(Input begins)

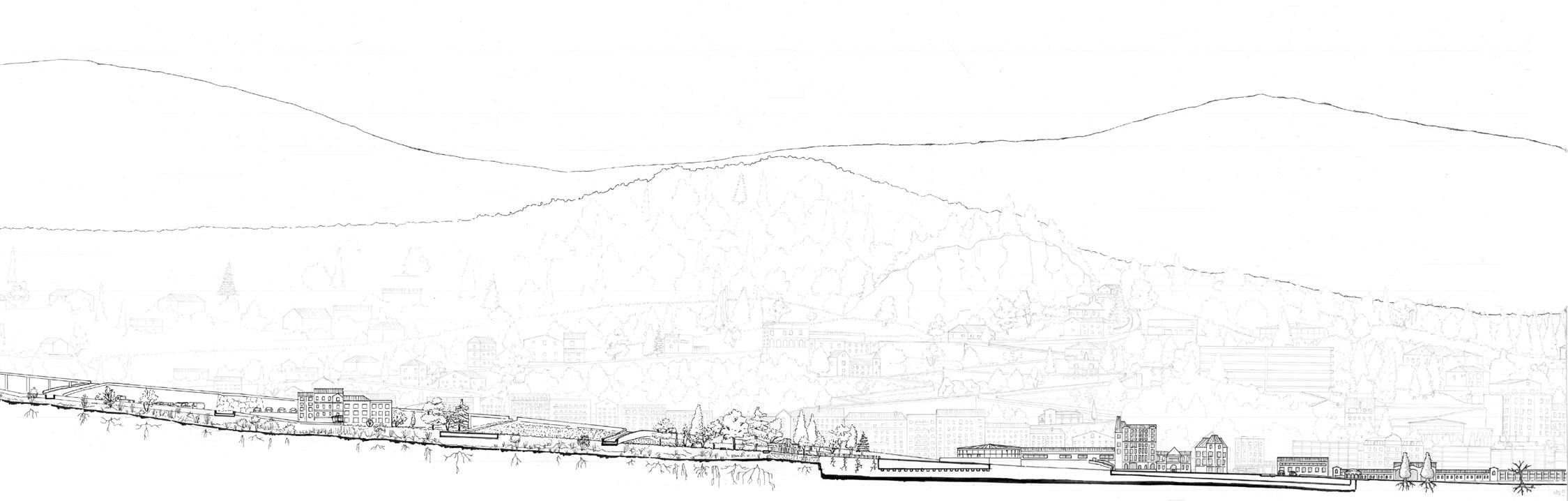 This project takes place according to the hypothesis in which the city keeps over-populating itself and invites to reflect on urban expansion. In a desire to preserve the natural landscapes surrounding the metropolis, 5 typologies of housing implantation were thought in harmony with a resurgence of vegetated soils and the Tiretaine river, buried multiple decades ago.
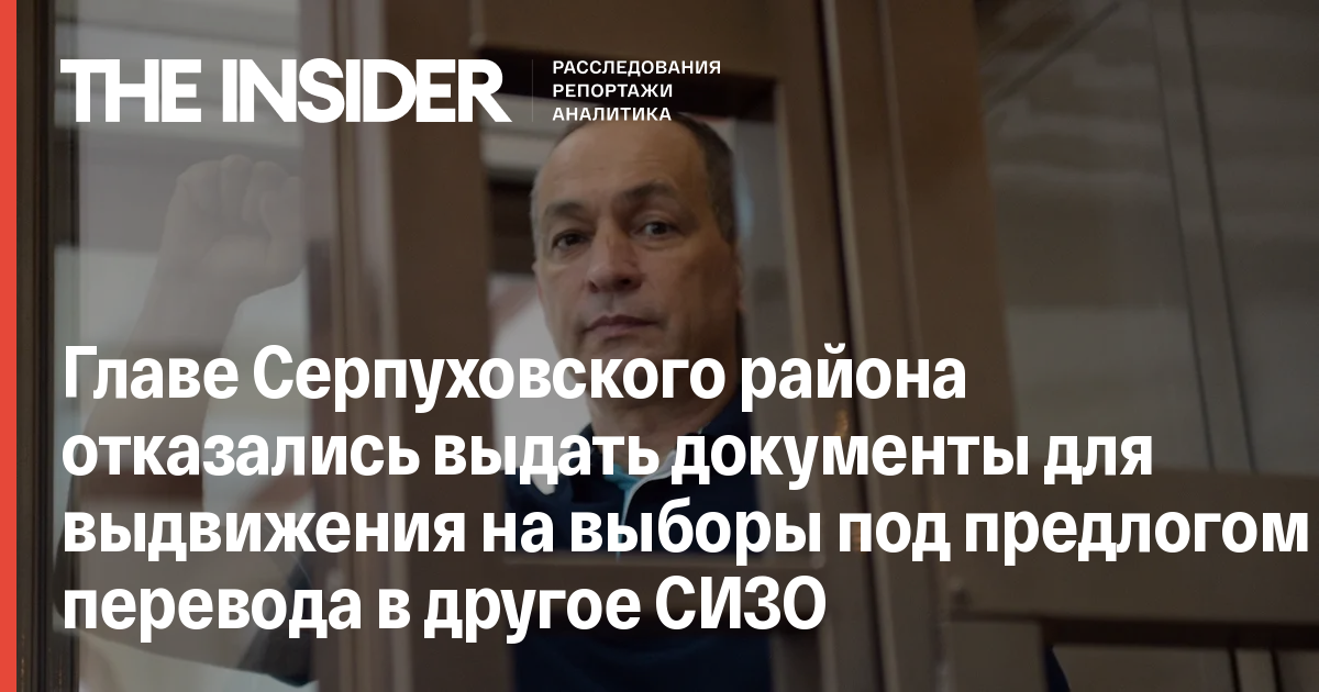 Главе Серпуховского района отказались выдать документы для выдвижения на выборы под предлогом перевода в другое СИЗО
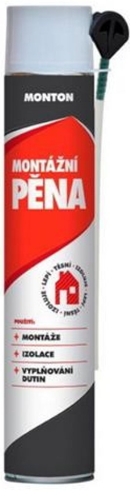 Monton PU pěna 750 ml Detailní popis Monton - montážní pěna 750 ml vynikající přilnavost na většinu materiálů (kromě Teflonu, PE, PP) vynikající tepelně a akusticky-izolační vlastnosti velmi dobré vyplňovací vlastnosti vynikající montážní vlastnosti vynikající stabilita (nesmršťuje se, nehrozí pozdější rozpínání) montáž rámů oken a dveří vyplňování dutin tmelení a vyplňování otvorů v konstrukci střech tvorba zvukově izolační vrstvy montáž a tmelení rámů oken a dveří vyplňování potrubních, kabelových a jiných prostupů spojování i
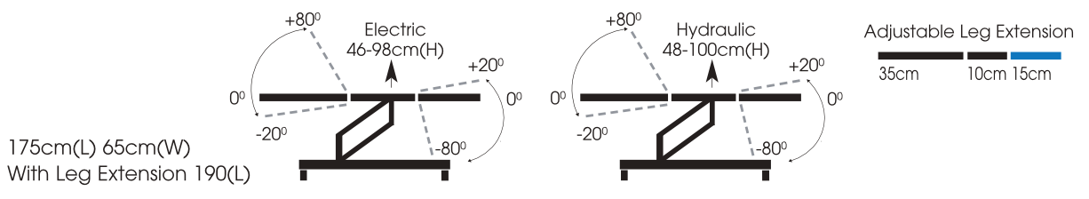 Fusion Podiatry Chair with Electric or Hydraulic height adjustment, with gas or electric assisted head and split adjustable length foot sections.
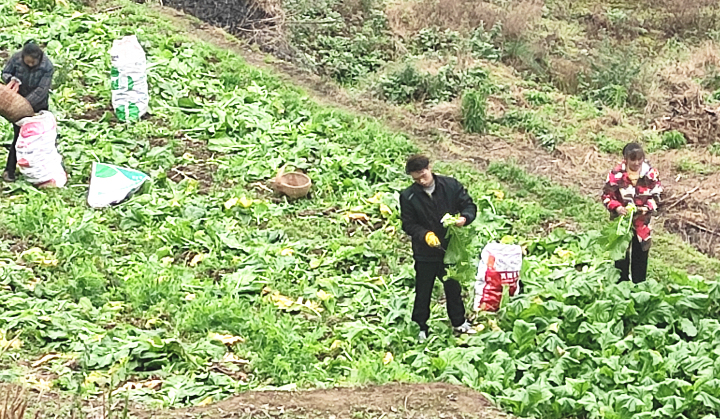 尽管春节的喜庆氛围还未散去,但在梁家湾田间地头已是一派繁忙景象。村民们忙着砍菜头,并将菜头装进口袋,然后扛到就近的公路边,等待商贩开车来收购。
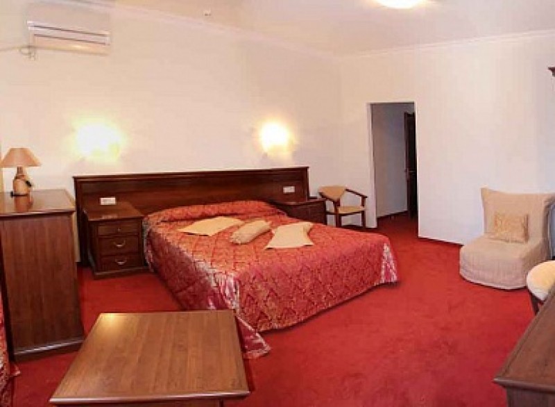 Однокомнатные номера категории «Джуниор Сюит»: площадь номеров 25 кв.м., с лоджией. В каждом номере: телевизор, мини-бар, телефон, набор посуды, сплит-система (фото номера вверху справа красное коворовое покрытие).
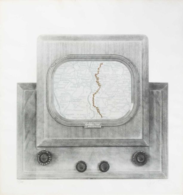 Radierung und Offset mit goldfarbenem Aufdruck auf Velin.
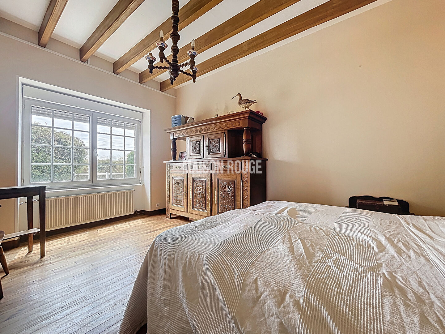 Elle se compose au rez-de-chaussée d'une entrée desservant un salon, une salle à manger avec insert, une cuisine, un cellier, une salle d'eau et un WC.
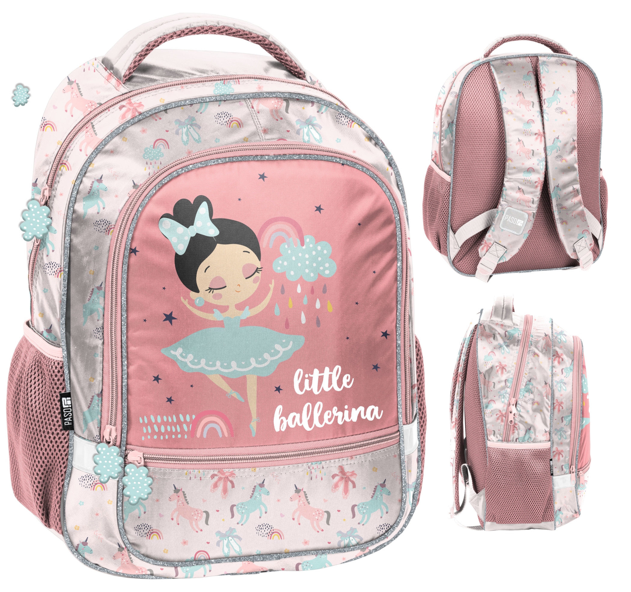 Самый модный школьный рюкзак этого сезона с балериной из последней коллекции Paso. Рюкзак легкий и вместительный, размер подходит для учеников начальных классов 1-3. Оригинальныерозовые цвета создают гармоничное целое и радуют маленьких покупателей. Изготовлен из высококачественных, прочных, водонепроницаемых материалов. Вот милый розовый рюкзак для модной девушки. Красивый приглушенный розовый цвет рюкзака с изображением Balerina — идеальное сочетание. Танцевальный элемент в одежде и аксессуарах – один из главных трендов этого сезона.
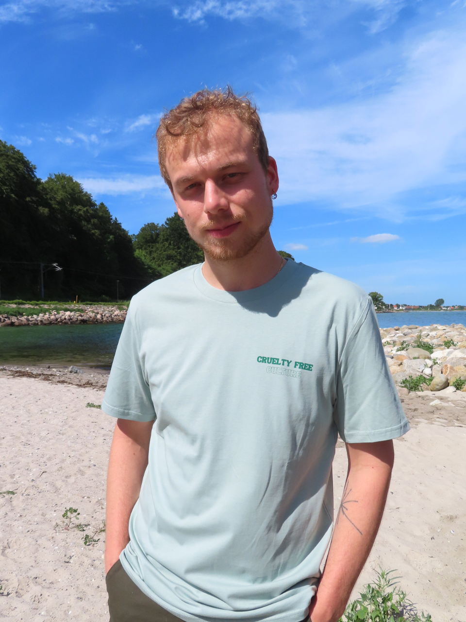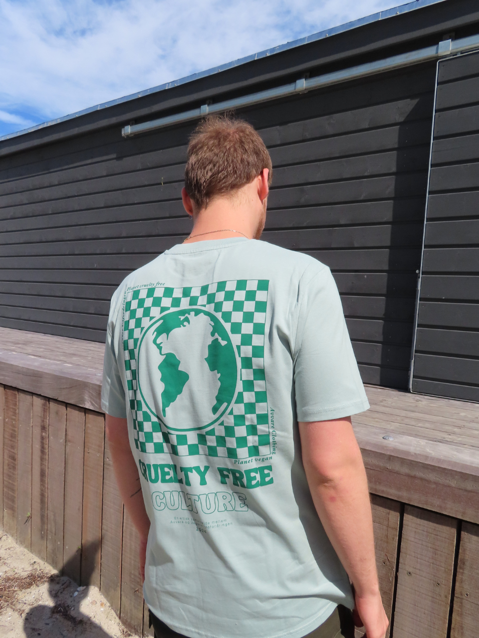 T-shirten er lavet af stof af økologisk oprindelse og er vegansk godkendt. Det super bløde og behagelige stof er både godt for dig og planeten. T-shirten er i normalt fit med stort print på ryggen, som selvfølgelig også er vegansk. T-shirten kommer i en hvid og grøn model.

(Input ends)

◆ Task item:
Please take the lines from the beginning of the data above through the line holding "Главе Серпуховского района" and transcribe them exactly, without any pictures.

◆ Response area:
 This project takes place according to the hypothesis in which the city keeps over-populating itself and invites to reflect on urban expansion. In a desire to preserve the natural landscapes surrounding the metropolis, 5 typologies of housing implantation were thought in harmony with a resurgence of vegetated soils and the Tiretaine river, buried multiple decades ago.
 Главе Серпуховского района отказались выдать документы для выдвижения на выборы под предлогом перевода в другое СИЗО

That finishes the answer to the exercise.